● How to complete this task
The whole listing below should be retyped exactly, without any images.

● Supplied data
^^^^^^^^^^^^^^^^

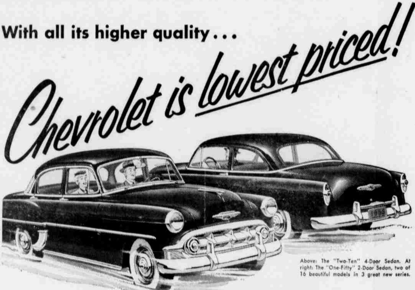
Above: The "Two-Ten" 4-Door Sedan. At right: The "One-Fifty" 2-Door Sedan, two of 16 beautiful models in 3 great new series.

It brings you more new features, more fine-car advantages, more real quality for your money . . . and it's America's lowest-priced full-size car!
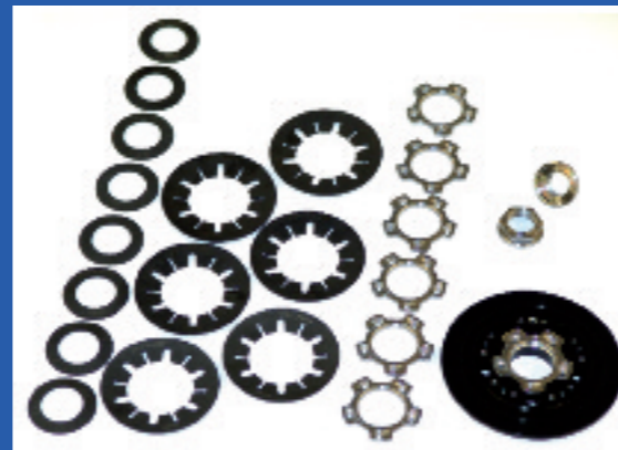
Extensive parts enable optimal tuning and adjustment.

^^^^^^^^^^^^^^^^

● Problem solution
Above: The "Two-Ten" 4-Door Sedan. At right: The "One-Fifty" 2-Door Sedan, two of 16 beautiful models in 3 great new series.

It brings you more new features, more fine-car advantages, more real quality for your money . . . and it's America's lowest-priced full-size car!
Extensive parts enable optimal tuning and adjustment.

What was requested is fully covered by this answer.